Available data
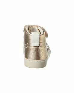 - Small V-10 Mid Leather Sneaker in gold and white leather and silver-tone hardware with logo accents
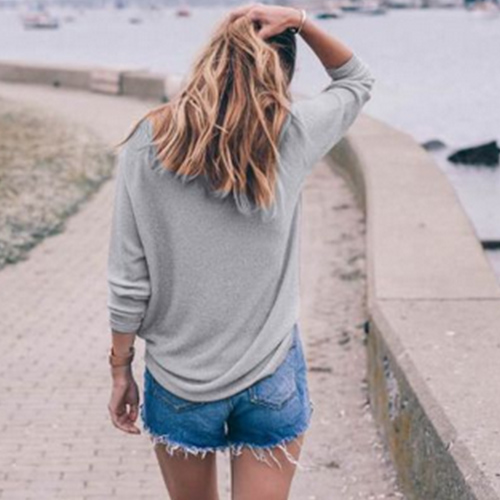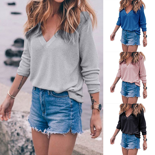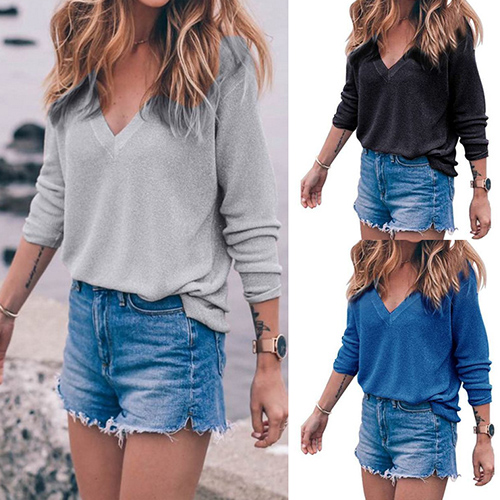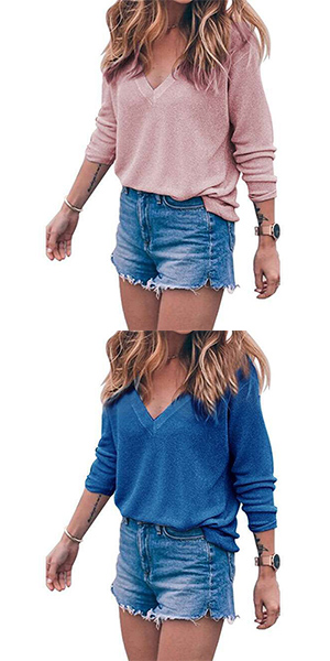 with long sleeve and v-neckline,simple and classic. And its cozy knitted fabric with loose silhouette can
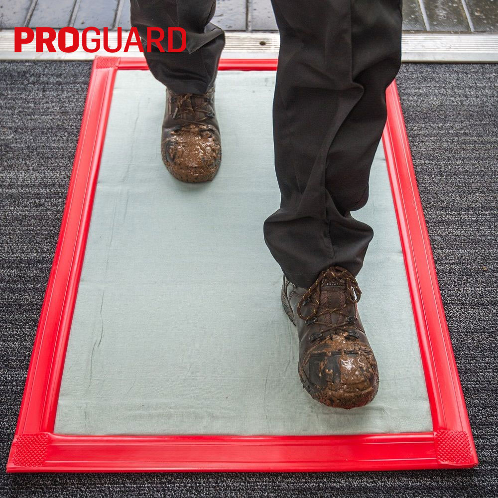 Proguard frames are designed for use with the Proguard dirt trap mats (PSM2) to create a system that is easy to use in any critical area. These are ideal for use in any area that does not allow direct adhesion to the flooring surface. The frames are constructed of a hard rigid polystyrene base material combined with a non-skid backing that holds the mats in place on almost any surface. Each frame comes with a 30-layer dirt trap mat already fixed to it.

What the exercise asks
Nothing but the lines from the one that contains "with long sleeve" through the end of the material above is to be reproduced, exactly and without pictures.

Solution for this task
 with long sleeve and v-neckline,simple and classic. And its cozy knitted fabric with loose silhouette can
 Proguard frames are designed for use with the Proguard dirt trap mats (PSM2) to create a system that is easy to use in any critical area. These are ideal for use in any area that does not allow direct adhesion to the flooring surface. The frames are constructed of a hard rigid polystyrene base material combined with a non-skid backing that holds the mats in place on almost any surface. Each frame comes with a 30-layer dirt trap mat already fixed to it.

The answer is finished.